> [Exercise instructions]: Please give the records below again in full, exactly, with the images left out.

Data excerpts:
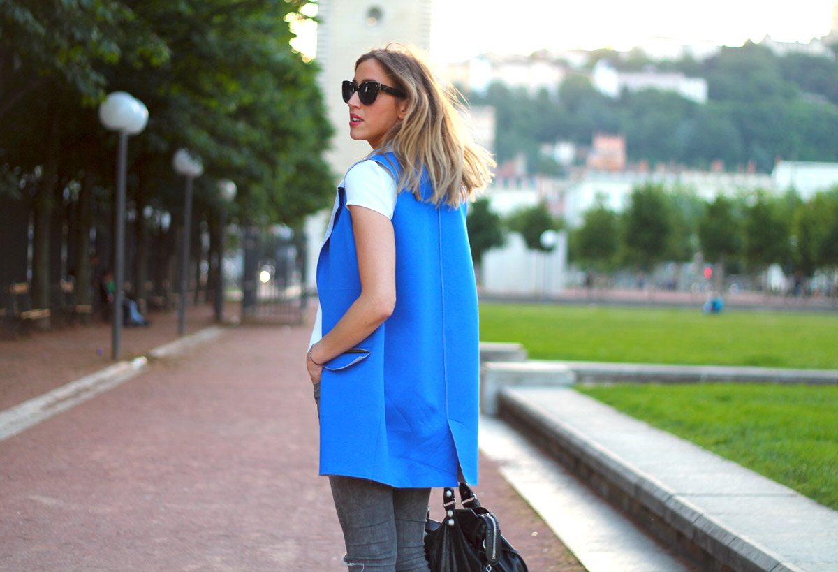 Aujourd’hui, je vais vous parler de la veste sans manches, la pièce que toute fashionista qui se respecte doit avoir dans son dressing ! J’aime la coupe blazer sans manches, de préférence longue, je l’aurais aimée encore plus longue même je crois, avec une couleur « pop » pour booster les tenues les plus simples mais bon…
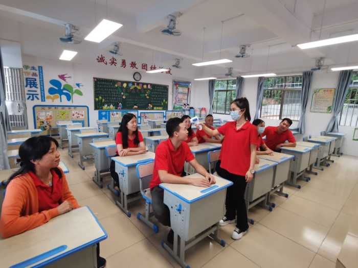 本次活動分為兩部分進行。首先,分年級組開展實地演練,要求全員參與,熟悉相關防疫要求及流程。在年級組長的組織下,級組教師針對學生返校后可能出現的各類身體不適情況,如上課嘔吐、體育課暈倒、上課時發熱等進行了情景演練。在此過程中,學校健康副校長霍舒婷醫生也蒞臨現場指導,與老師們復習、討論、優化相關處理流程。
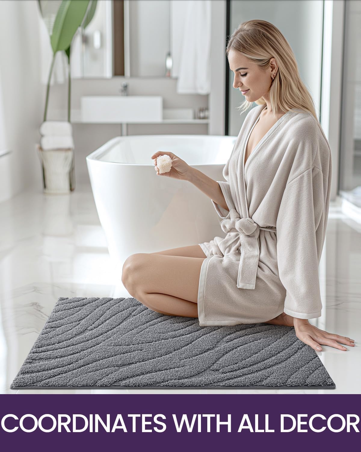 DEXI Bathroom Rugs 24×36, Non Slip Washable Bath Mat for Shower Floor, Luxury Soft Absorbent Bathmat with Rubber Backing, Quick Dry Microfiber Carpet, Dark Grey
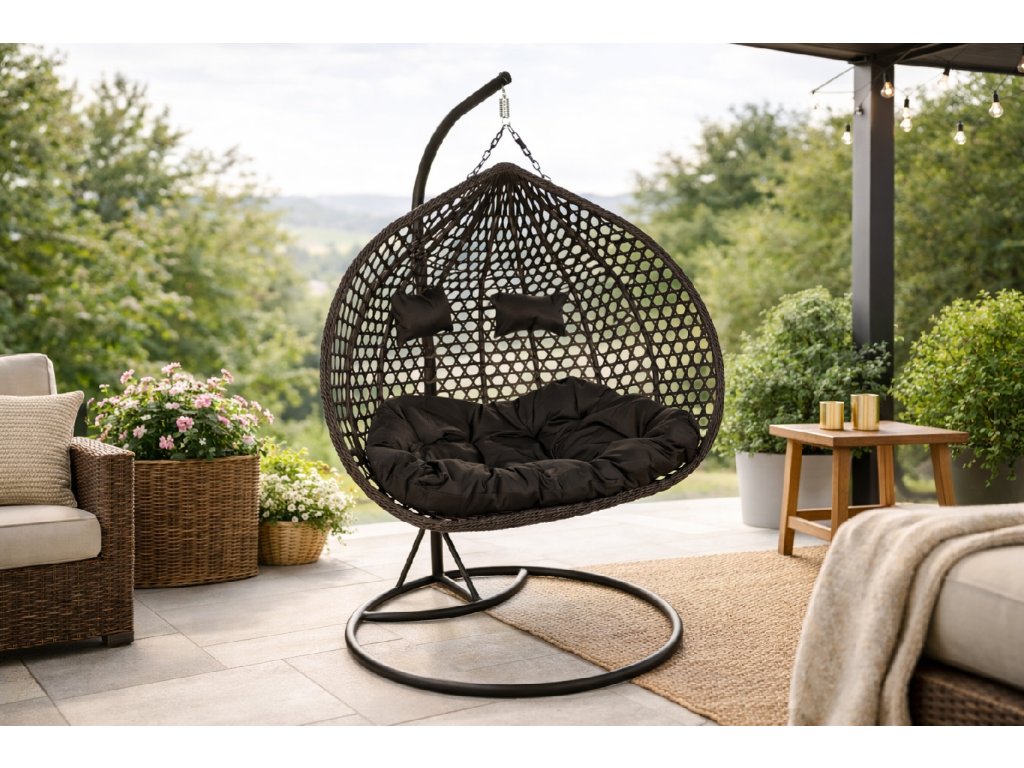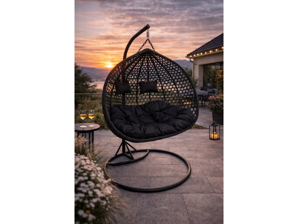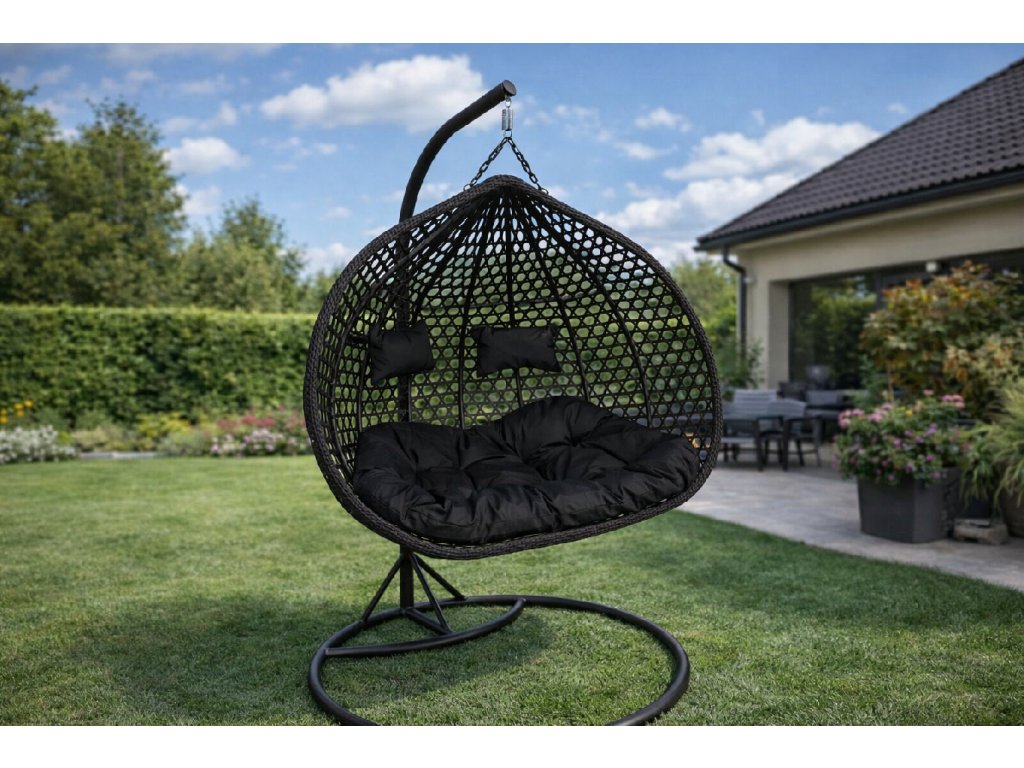 Kreslo je zavesené na pevnom kovovom stojane, ktorý zaisťuje stabilitu a bezpečnosť používania a mäkké vankúše podporujú relaxáciu a trávenie času vonku.
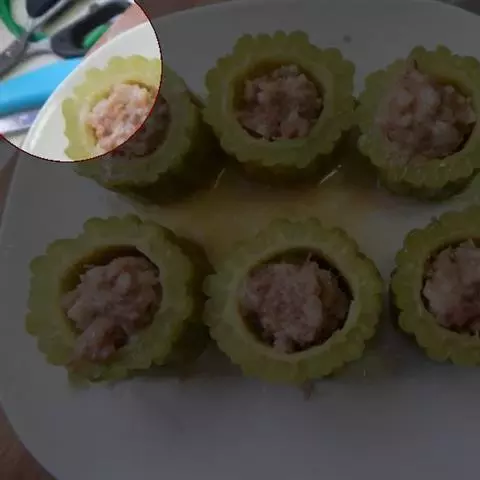 材料:两个蛋,少许盐,凉水,少许蒸鱼豉油,香油,煮熟的香肠切成碎末
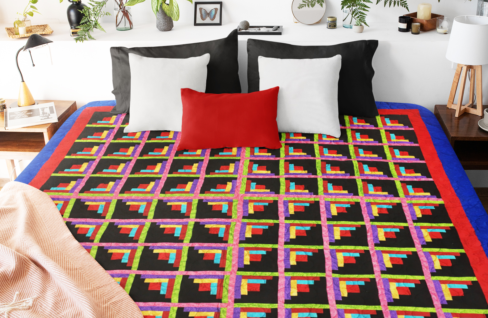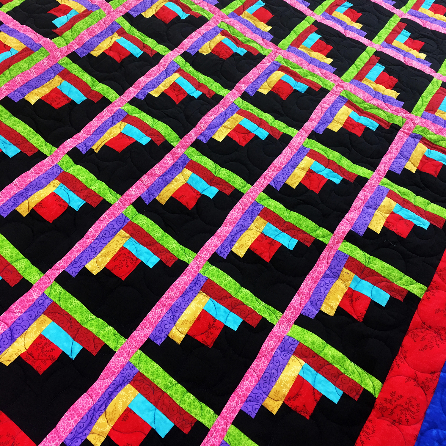 Patchwork Sparkling Diamond Log Cabin FINISHED QUILT
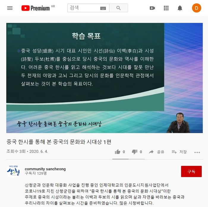 군은 매월 1회 인제대와 협력해 산청문화원 등에서 인문학 강좌를 개최해 왔다. 그러나 코로나19 여파로 각종 문화·강연 프로그램 중단이 장기화됨에 따라 비대면 유튜브 강연을 진행한다고 설명했다.
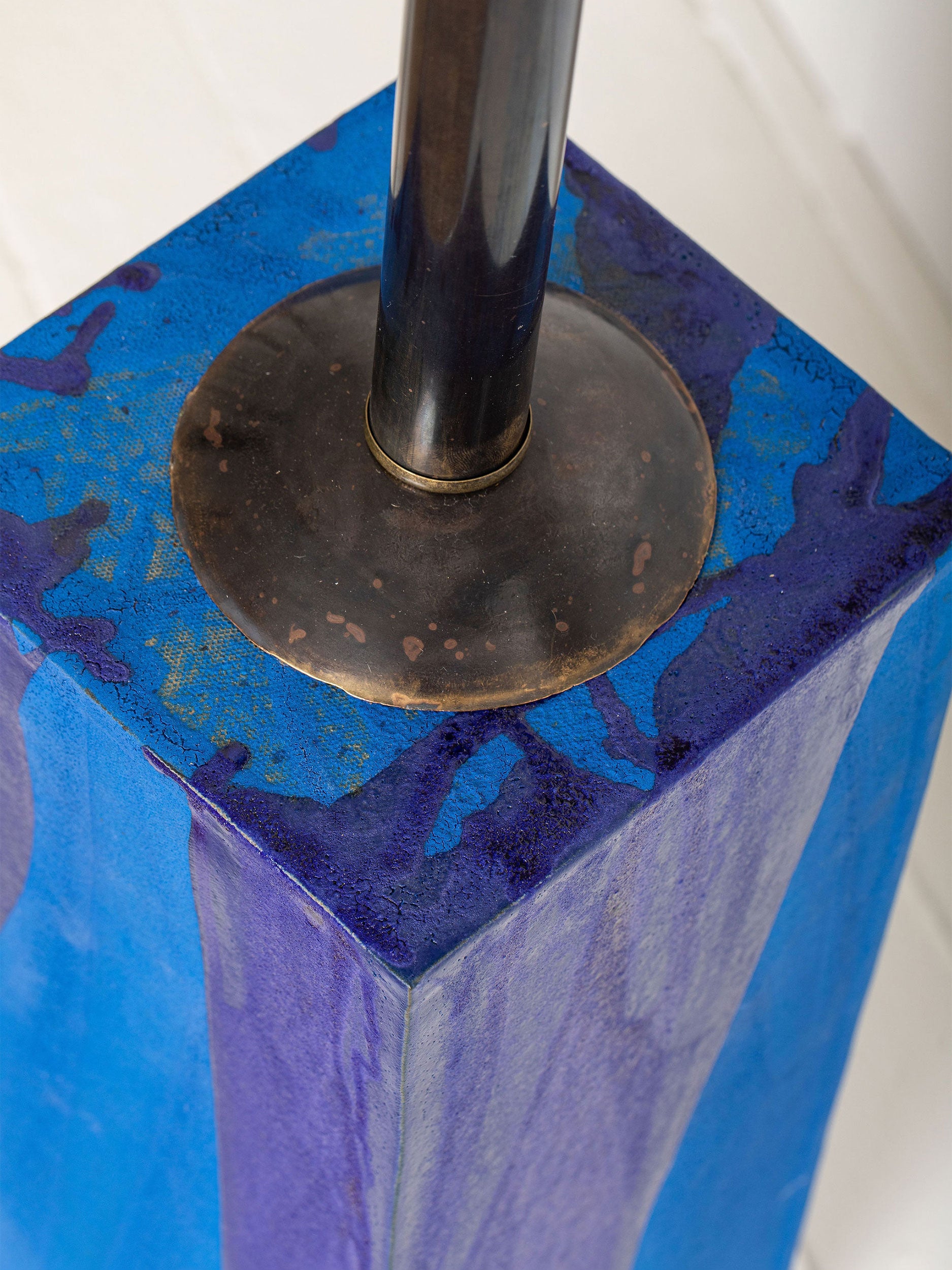 Our stoneware Ultramarine Floor Lamp is handcrafted using slab-construction techniques.

> [Result of the task]:
 Aujourd’hui, je vais vous parler de la veste sans manches, la pièce que toute fashionista qui se respecte doit avoir dans son dressing ! J’aime la coupe blazer sans manches, de préférence longue, je l’aurais aimée encore plus longue même je crois, avec une couleur « pop » pour booster les tenues les plus simples mais bon…
 本次活動分為兩部分進行。首先,分年級組開展實地演練,要求全員參與,熟悉相關防疫要求及流程。在年級組長的組織下,級組教師針對學生返校后可能出現的各類身體不適情況,如上課嘔吐、體育課暈倒、上課時發熱等進行了情景演練。在此過程中,學校健康副校長霍舒婷醫生也蒞臨現場指導,與老師們復習、討論、優化相關處理流程。
 DEXI Bathroom Rugs 24×36, Non Slip Washable Bath Mat for Shower Floor, Luxury Soft Absorbent Bathmat with Rubber Backing, Quick Dry Microfiber Carpet, Dark Grey
 Kreslo je zavesené na pevnom kovovom stojane, ktorý zaisťuje stabilitu a bezpečnosť používania a mäkké vankúše podporujú relaxáciu a trávenie času vonku.
 材料:两个蛋,少许盐,凉水,少许蒸鱼豉油,香油,煮熟的香肠切成碎末
 Patchwork Sparkling Diamond Log Cabin FINISHED QUILT
 군은 매월 1회 인제대와 협력해 산청문화원 등에서 인문학 강좌를 개최해 왔다. 그러나 코로나19 여파로 각종 문화·강연 프로그램 중단이 장기화됨에 따라 비대면 유튜브 강연을 진행한다고 설명했다.
 Our stoneware Ultramarine Floor Lamp is handcrafted using slab-construction techniques.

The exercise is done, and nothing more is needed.